You also have the right to lodge a complaint with a competent supervisory authority. Examples include the European Data Protection Board and EU national authorities, the UK Information Commissioner's Office (ico.org.uk), the California Privacy Protection Agency (cppa.ca.gov), the South African Information Regulator (inforegulator.org.za), Brazil's ANPD (gov.br/anpd), or your local data-protection authority.

To exercise any of these rights, contact ht@humphreytheodore.com. To unsubscribe immediately, visit /unsubscribe. We will not discriminate against you for exercising your rights, and we will respond within the timeframe prescribed by your applicable law (typically 30–45 days).
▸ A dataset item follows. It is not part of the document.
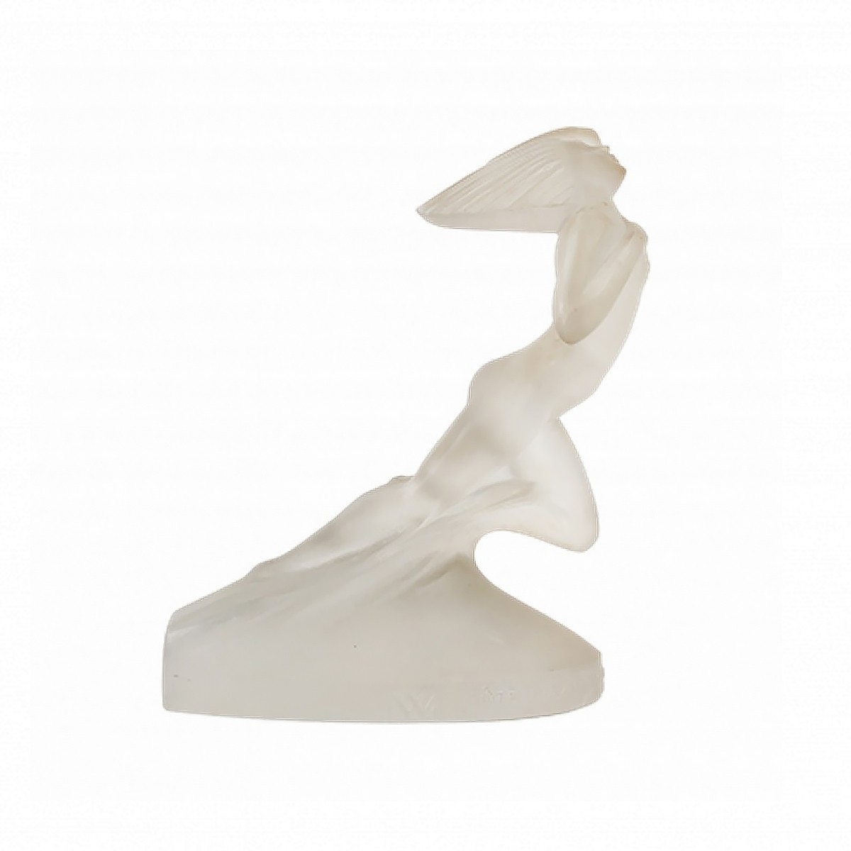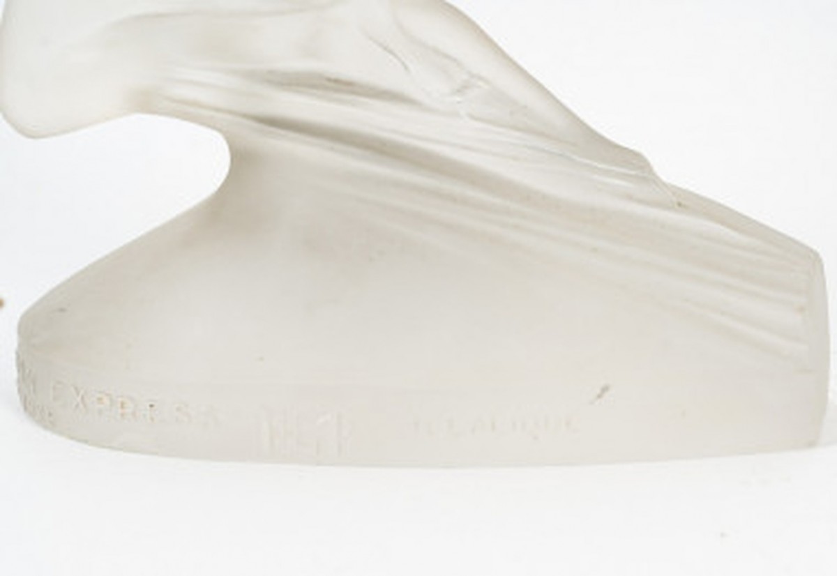 René LALIQUE Statuette "Côte d'Azur" en verre blanc moulé pressé ,modèle créée en 1929.Signature en relief dans le moule .Titrée "CÔTE D'AZUR PULLMAN EXPRESS 9 - DECEMBRE - 1929".La statuette Côté d'Azur a été créée par R.Lalique en verre blanc en 1929 à l'occasion de l'inauguration du train wagon-lits côte d'azur en 1929. Les 500 premiers voyageurs reçurent une statuette titrée Parfait état. hauteur 17 cm par 12,5 cm base Félix Marcilhac, René Lalique, catalogue Raisonné de l'Œuvre de Verre, Les Éditions de l'Amateur, Paris, 2011.

Note that journalism exemptions recognised in many jurisdictions (including the GDPR, UK GDPR, LGPD, and POPIA) may limit the application of certain rights to information processed for editorial purposes, balanced against the public interest in freedom of expression.

10. Security

We use industry-standard measures to safeguard personal information, including TLS encryption in transit, access controls on backend systems, and reCAPTCHA-based abuse protection. No system is perfectly secure; in the event of a personal-data breach, we will notify you and the relevant supervisory authorities within the timeframes required by applicable law (for example, 72 hours under the GDPR and UK GDPR, and as soon as reasonably possible under POPIA section 22 and comparable regimes).

11. Changes

We may update this policy from time to time. Material changes will be flagged on this page with an updated “Last updated” date. Continued use of the Site after changes take effect constitutes acceptance of the revised policy.

12. Contact

Privacy questions, requests, or complaints: ht@humphreytheodore.com.

Publisher / Data Controller / Information Officer: Humphrey Theodore K. Ng'ambi.